Posted by: Francis | January 28, 2008 09:49 AM
Gee honey, you always get so nervous before these events. Just imagine the indiscriminately slaughtered in their underwear...
Posted by: simsburybear | January 28, 2008 09:49 AM
"You know, honey, sometimes it seems like just yesterday you raped me, killed my family, and burned my village to the ground."
Posted by: Francis | January 28, 2008 09:50 AM
"More coffee?"
Posted by: Deborah | January 28, 2008 09:52 AM
Well, at least it's not a scimitar, so I guess you'll want some bacon with that.
Posted by: K | January 28, 2008 09:56 AM
"John, you fooled the whole world into believing you died in '82. Do you sometimes wonder if it was all worth it?"
Posted by: gary | January 28, 2008 10:00 AM
Honey, please, just put it down. I was only with him that one time, I swear. I swear.
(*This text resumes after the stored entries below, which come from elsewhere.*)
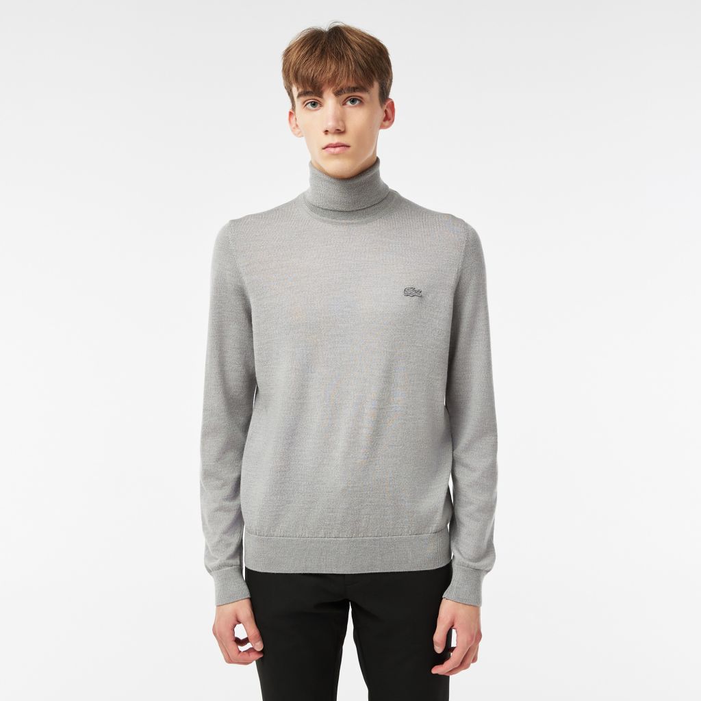 Джерси из мериносовой шерсти\Водолазка в рубчик\Эластичный воротник, манжеты и нижний край\Логотип на груди в тон изделия\Материал: 100% шерсть\Рост модели 186 см, \Размер одежды 4
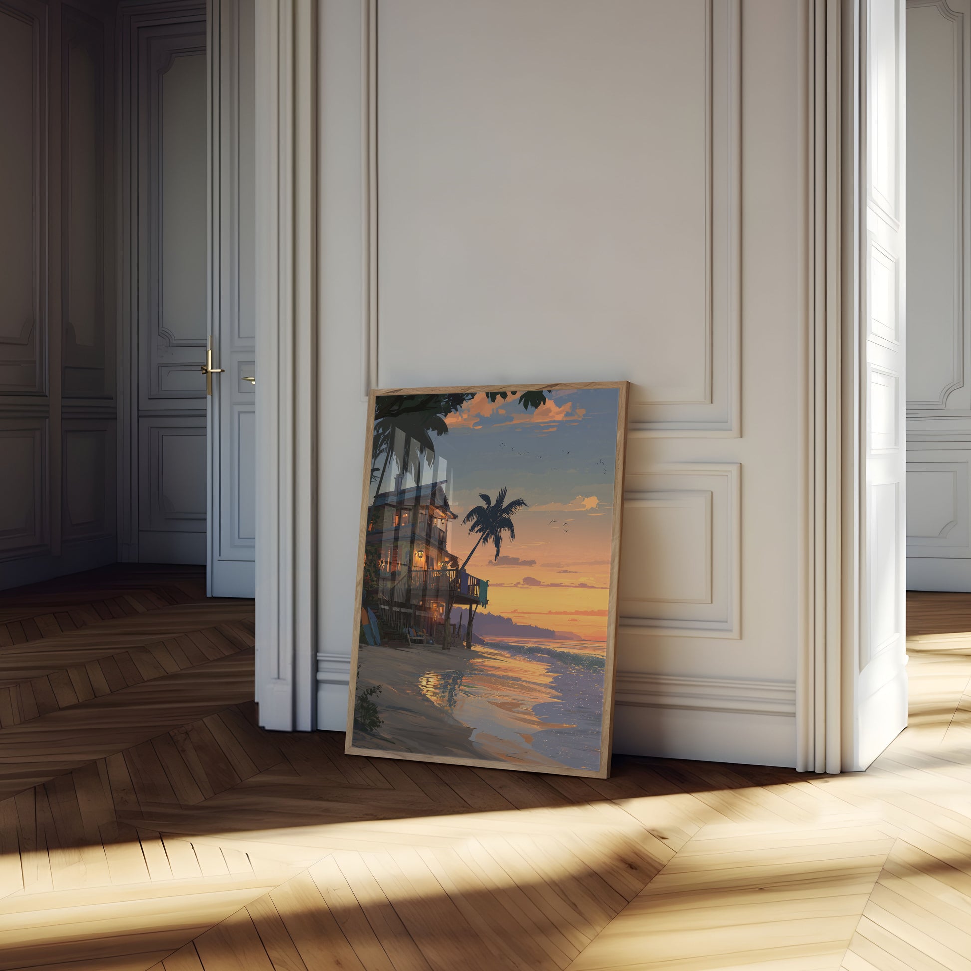 Poster de Casa de Playa al Atardecer
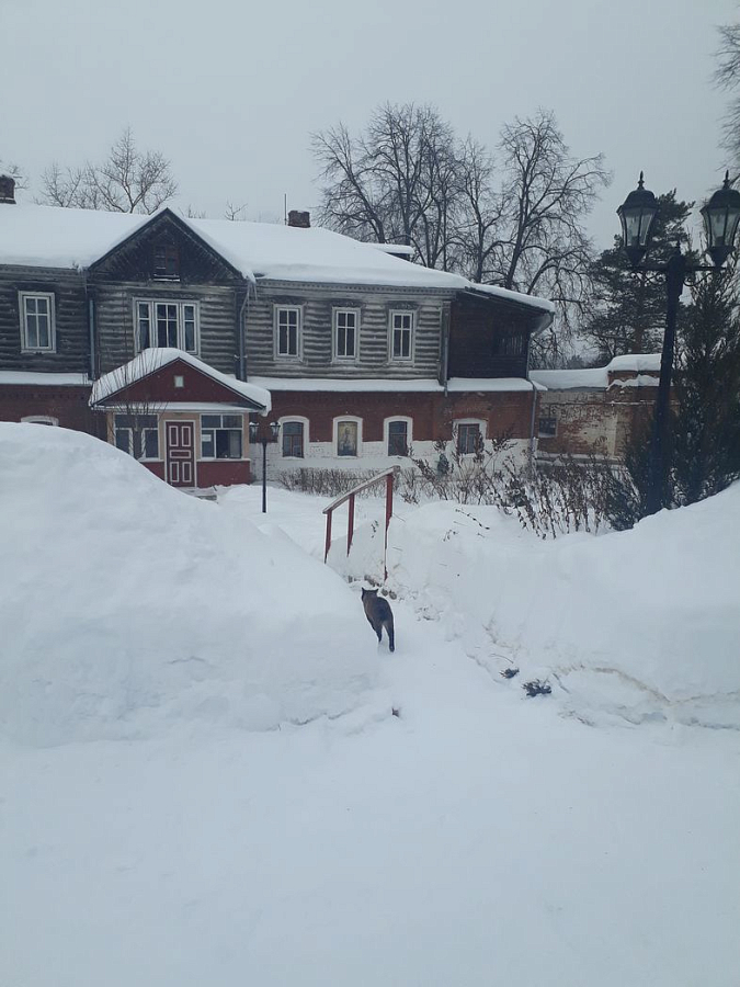 …В монастыре навстречу нам вышел сиамский кот по кличке Оби – верный друг монаха Паисия (Отводчикова): встречает его со службы, провожает на трапезу. Отец Паисий – келарь, и еще несет многочисленные послушания: водит экскурсии, является аптекарем, библиотекарем. Братия немногочисленна, поэтому, по словам отца Паисия, никто без дела не прохлаждается. Отец Паисий уже 12 лет подвизается в монастыре, при этом он самый молодой из братии. После его прихода новыми кадрами обитель не пополнялась. Уменьшается же естественно – из-за того, что насельники уходят в лучший мир…

Please don't hurt me.
Posted by: Sam L | January 28, 2008 10:01 AM
"If you think that Viking hat's gonna protect you from the safe storm they're predicting for today, you're crazy."
Posted by: gary | January 28, 2008 10:02 AM
"I still don't understand: Your whole DIVISION lost the $3 billion, not just you. So why do you have to take all the responsibility?"
Posted by: gary | January 28, 2008 10:03 AM
"When you do that with your pinky sticking out, it makes it look kind of gay."
Posted by: JohnnyB | January 28, 2008 10:07 AM
"Frank, you are sleep-pillaging again."
Posted by: JohnnyB | January 28, 2008 10:08 AM
"This was fun, but if I don't get you back to the museum soon you'll turn into dust."
Posted by: Deborah | January 28, 2008 10:10 AM
"Put that away, Hagar. I'm having the procedure done by a doctor at the clinic, not by you at home."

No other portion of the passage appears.